Bug 761880 (GLUSTER-148)

Summary: replicate: Returns st_dev from different subvols resulting in ESTALE thru unfs3booster
Product: [Community] GlusterFS Reporter: Shehjar Tikoo <shehjart>
Component: libglusterfsclientAssignee: Shehjar Tikoo <shehjart>
Status: CLOSED CURRENTRELEASE QA Contact:
Severity: high Docs Contact:
Priority: low    
Version: mainlineCC: gluster-bugs
Target Milestone: ---   
Target Release: ---   
Hardware: All   
OS: Linux   
Whiteboard:
Fixed In Version: Doc Type: Bug Fix
Doc Text:
Story Points: ---
Clone Of: Environment:
Last Closed: Type: ---
Regression: RTP Mount Type: ---
Documentation: --- CRM:
Verified Versions: Category: ---
oVirt Team: --- RHEL 7.3 requirements from Atomic Host:
Cloudforms Team: --- Target Upstream Version:

Description Vikas Gorur 2009-07-16 11:28:26 UTC
All replicate FOPs that return stat buf "remember" the inode number that was sent to them (getting it from {loc,fd}->inode->ino) and return the same.

To keep the dev number consistent, we would need to add a "dev" field to inode_t.

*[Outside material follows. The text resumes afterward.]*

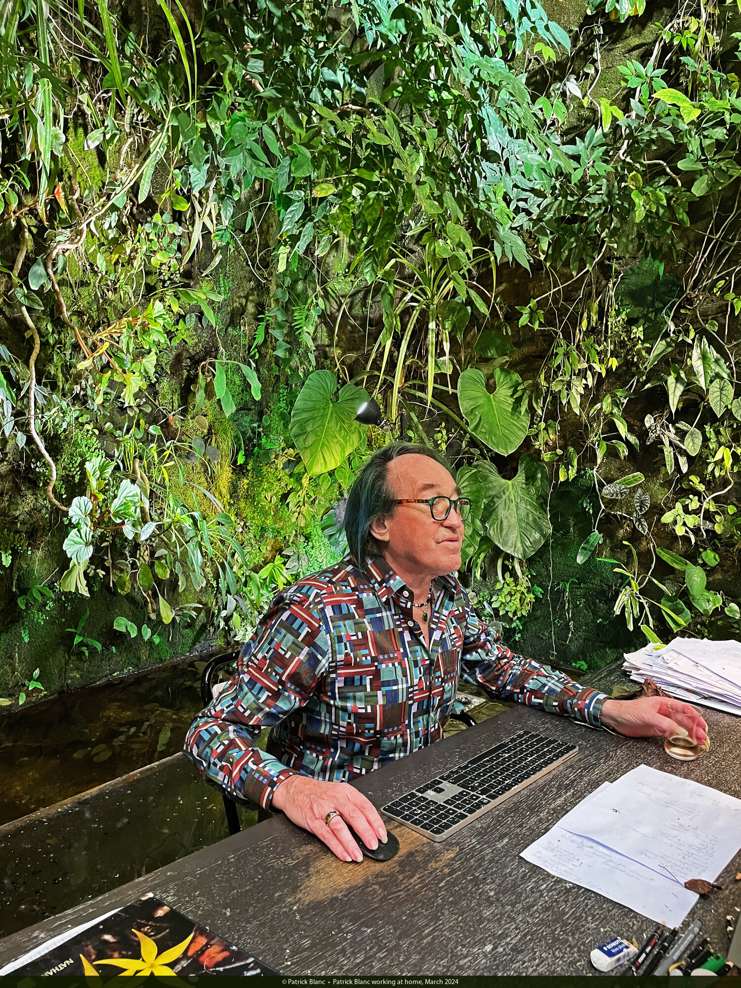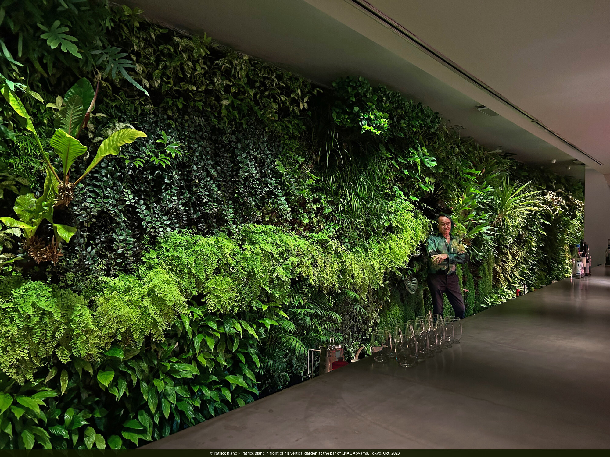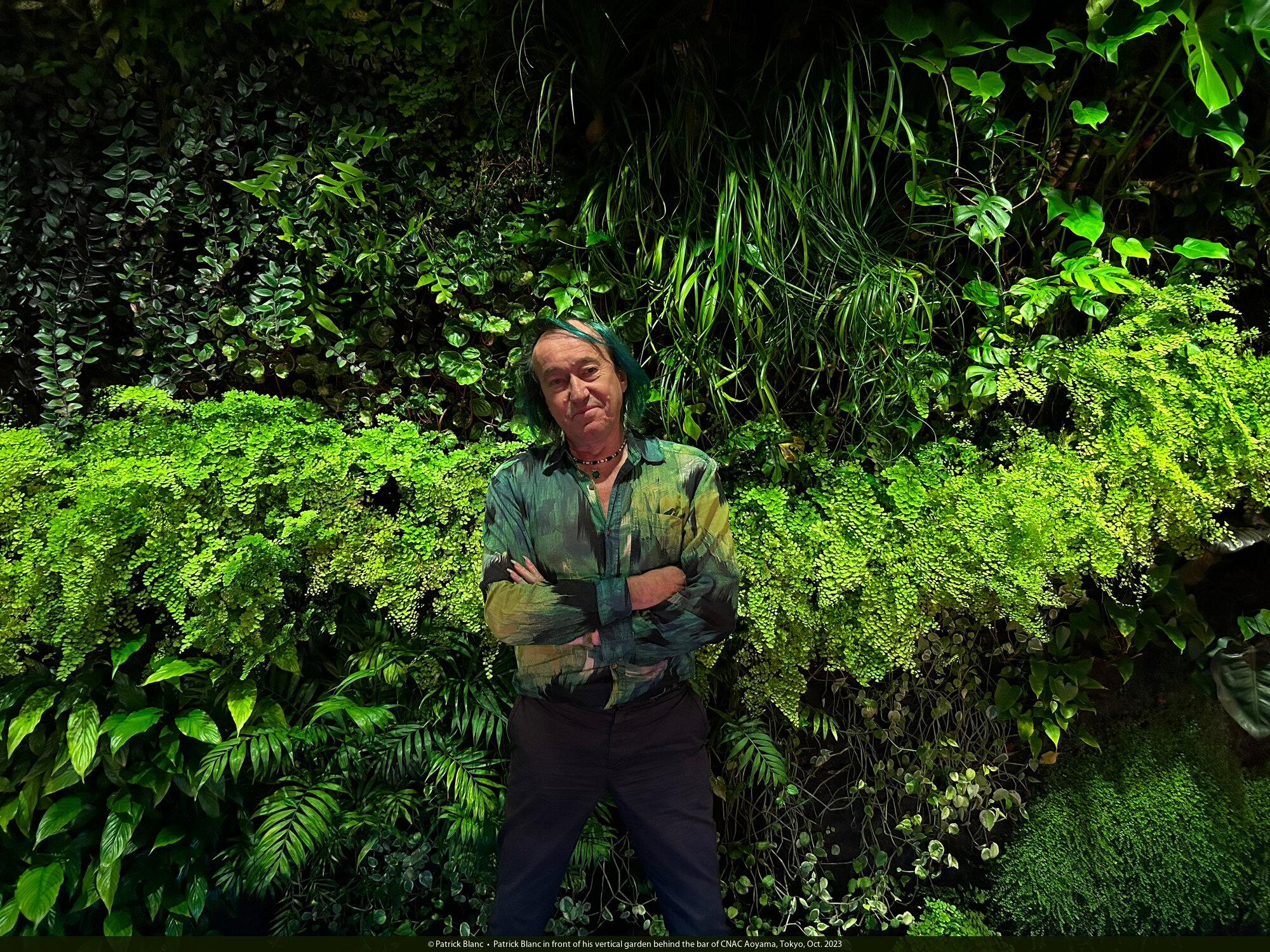 Patrick Blanc in front of his vertical garden at the bar of CNAC Aoyama, Tokyo, Oct. 2023
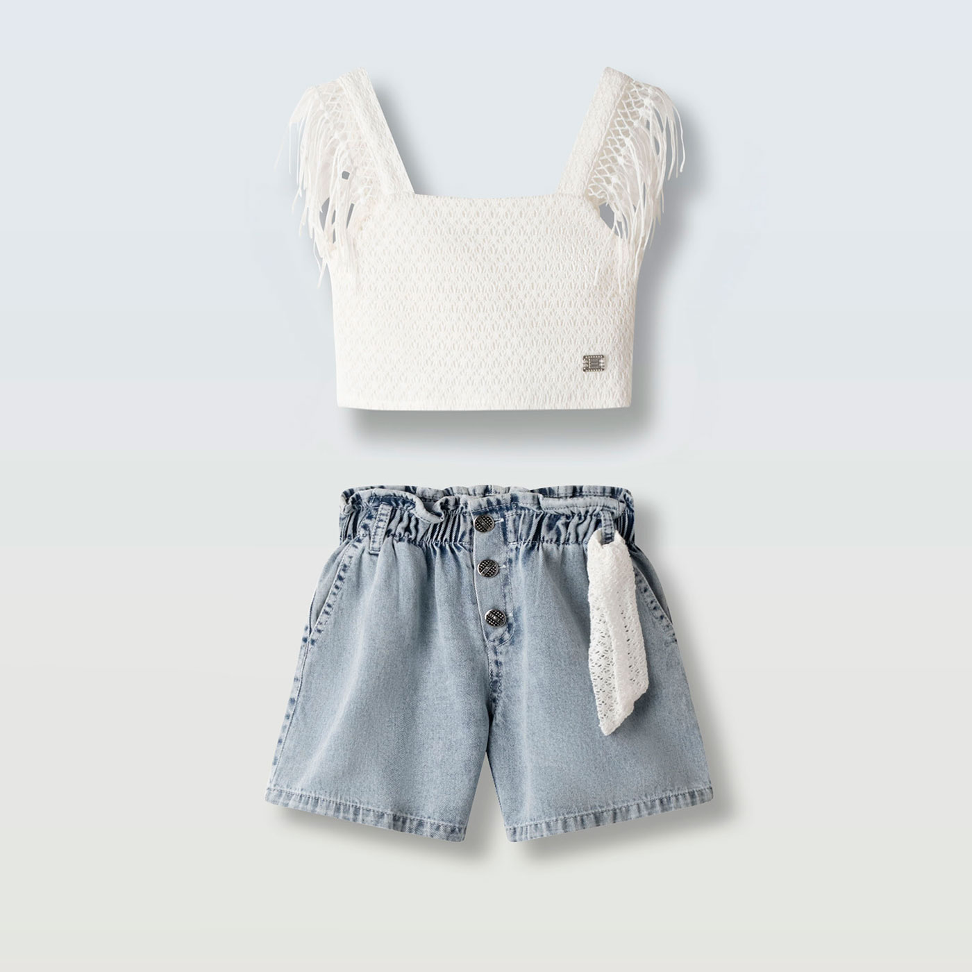 Το παιδικό σετ Ebita σε λευκό και τζιν είναι μια κομψή και καλοκαιρινή επιλογή που συνδυάζει ρομαντική διάθεση με casual χαρακτήρα. Ιδανικό για βόλτες, εκδηλώσεις και καλοκαιρινές εμφανίσεις, προσφέρει άνεση και στυλ σε κάθε περίσταση.Το λευκό τοπ ξεχωρίζει για την ανάγλυφη υφή του και τις εντυπωσιακές λεπτομέρειες στους ώμους, που χαρίζουν αέρινη και girly αισθητική. Η εφαρμογή του είναι άνετη, ενώ το ελαφρύ ύφασμα το καθιστά ιδανικό για ζεστές ημέρες.Το τζιν σορτς σε χαλαρή γραμμή διαθέτει ελαστική μέση για σταθερή και άνετη εφαρμογή, διακοσμητικά κουμπιά στο μπροστινό μέρος και αποσπώμενη υφασμάτινη ζώνη που ολοκληρώνει το look. Ένα ολοκληρωμένο σύνολο που συνδυάζεται εύκολα με σανδάλια ή sneakers.

Comment 1 Shehjar Tikoo 2009-07-16 13:46:59 UTC
It is possible that AFR returns a different device number for an export between two different instances of unfs3booster. For eg, at time T we start first instance which is mounted by a client, at T+5 we kill the first instance, at T+7 another instance of unfs3booster is started with same configurables, then at T+8 if a client does ls, it'll receive stale file handle errors since it is possible the device numbers in the file handles with client are not the same as the dev number returned by AFR for this second instance.
    
I have a patch that forces unfs3 to generate an artificial fsid. This fsid is generated using the export path which is expected to stay constant. This approach is a short-term workaround and will only work for linux clients because I have a feeling they only use the file handle returned by LOOKUP, and not other calls like readdirplus. There are many other corner cases in unfs3 where the comparison is performed between the device number of an export point and the device number of a file on that export point. Such corner checks are bound to fail one day. The alternative is to remove these checks unfs3 under the assumption that the device id is generated by a hard-coded algo. I am not keen on doing so because I do not completely understand unfs3 to remove such checks.

I think the ideal place to fix it is replicate which should return the device nos from the first subvolume like it does for inos.

Comment 2 Shehjar Tikoo 2009-07-17 07:07:49 UTC
I spoke to Avati about this. He's of the opinion that the fix for this lies in libglusterfsclient where every mount gets assigned a device/fsid generated there.

I quite agree. We've seen how dirty it is to fix this in unfs3 and adding a dev no to inode_t doesnt sound like its worth it.

Comment 3 Shehjar Tikoo 2009-07-18 09:32:43 UTC
Proposed fixes:
release-2.0: http://patches.gluster.com/patch/782/
mainline: http://patches.gluster.com/patch/783/

Comment 4 Anand Avati 2009-07-20 18:29:33 UTC
PATCH: http://patches.gluster.com/patch/786 in master (libglusterfsclient: Fake a fsid for every VMP)

Comment 5 Anand Avati 2009-07-20 18:29:44 UTC
PATCH: http://patches.gluster.com/patch/787 in release-2.0 (libglusterfsclient: Fake a fsid for every VMP)